La règle de base ? Ne jamais sous-estimer un sous-officier !
C’est un vieux serpent de mer qui remonte à la surface puisque déjà en octobre 2017 le président de la République, Emmanuel Macron, chef des Armées fraîchement élu avait clairement indiqué que la transposition du Droit européen ne pouvait pas concerner les Armées et la Gendarmerie et que l’accumulation des normes de droit ignorait la singularité du métier de militaire avec le risque de réduire l’aptitude à l’engagement.
Nous aurions aimé une telle détermination avec l’alourdissement artificiel de la procédure pénale !
Toutefois la Gendarmerie, à qui on ne compte plus fleurette, sortait son Instruction provisoire n° 36132 le 8 juin 2016 en y intégrant des aménagements d’une partie des prescriptions européennes. La mesure la plus ostensible est le repos journalier d’au moins 11 heures consécutives par période de 24 heures.
L’administration a toutefois évité d’être trop rigide dans l’application des directives car si on évoque 48 heures de travail maximum par semaine, on indique aussi ce droit à …. une pause hebdomadaire de 24 heures par période de 7 jours.
Un jour de repos par semaine. Voilà une avancée sociale !
Les contre-arguments qui s’opposent au droit européen sont nombreux. La France par exemple indique que cela exigerait des besoins supplémentaires en personnels associant une hausse des dépenses militaires et que la directive 2003/88 est incompatible avec le principe de « disponibilité ». Vous savez cette aptitude à servir « en tout temps et en tous lieux » cet ADN scellé dans le Statut général des militaires. En outre, cela « banaliserait » le métier des armes en le rapprochant du travail des fonctionnaires civils.
Allez demander à un gendarme s’il est fonctionnaire ? Il va vous répondre quoi ?
Les motivations française et espagnole ne sont pas celles de nos voisins germains. Les arguments allemands sont audibles et c’est toute la richesse d’un débat. Leur point de vue fait valoir que les « militaires sont amenés à exercer, dans des conditions normales, au quotidien, bon nombre d’activités, souvent identiques ou semblables à des activités civiles qui ne présentent pas plus de particularités inhérentes que celles effectuées par des fonctionnaires. » En conséquence, « rien ne justifierait que les militaires soient exposés, davantage que ces fonctionnaires civils, à des risques pour leur santé et leur sécurité dans une telle situation. »
Yawohl !
On développe cette distinction entre le « service courant » et les activités dites « spécifiques » pour lesquelles la directive sur le temps de travail ne s’appliquerait pas. L’avocat général de la Cour de Justice Européenne (qui est un fonctionnaire) a cité les opérations extérieures et intérieures, ainsi que la formation initiale et la préparation opérationnelle, même si ces dernières sont exercées dans les conditions habituelles, conformément à la mission impartie aux forces armées.

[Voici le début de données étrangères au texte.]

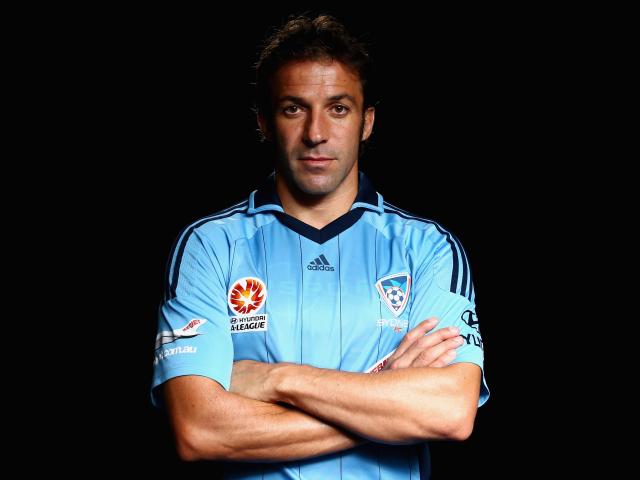 Обои Итальянский футболист Алессандро Дель Пьеро на черном фоне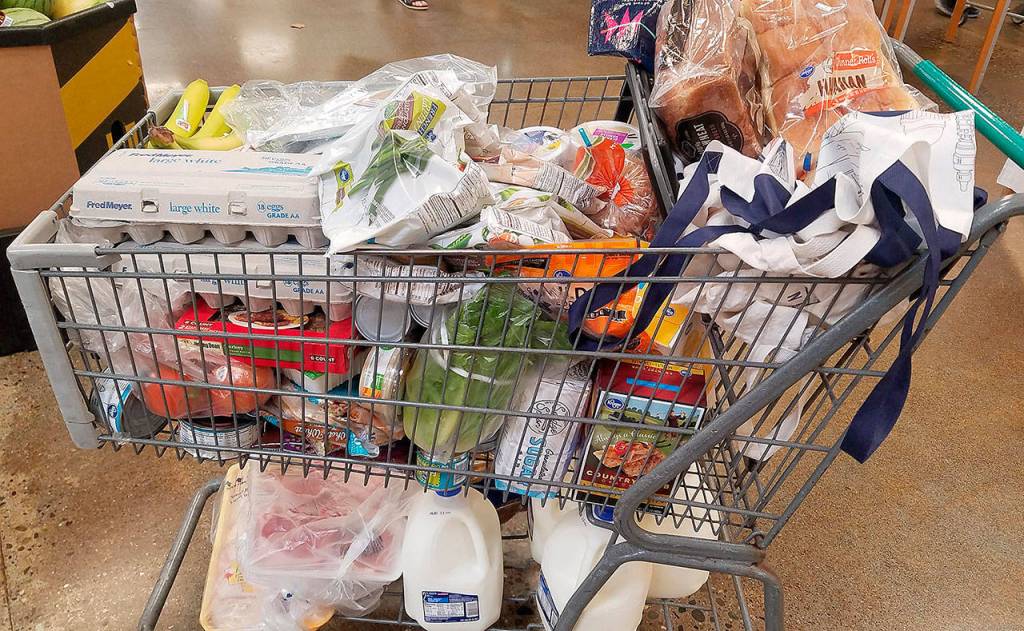 When I finished shopping, my cart had four gallons of milk, three dozen eggs, dinner rolls, English muffins, tortillas, lentils, rice, couscous, spaghetti, oatmeal, cereal, corn meal, 5 pounds of chicken, pork chops, ground beef, round steak, two pounds of fish, five bags of frozen vegetables, frozen juice concentrate, 20 bananas, potatoes and lots of fresh vegetables.

La morale de l’histoire qui s’écrit aujourd’hui pour demain, c’est qu’à force de vouloir ressembler à un fonctionnaire on finit par le devenir ! Pourtant lorsqu’on intègre les Armées c’est pour être différent, avec une vision différente de l’engagement, même au quotidien.
N’oublions pas !
On ne peut écarter dans une lecture globale que les sujétions spécifiques du gendarme sont compensées par 45 jours de congés par an, un Logement Concédé par Nécessité Absolue de Service, 2 jours de repos par semaine et des dispositions au titre des autorisations d’absence. Un équilibre statutaire est toujours fragile et manipuler un domino peut s’avérer, à terme, très dangereux.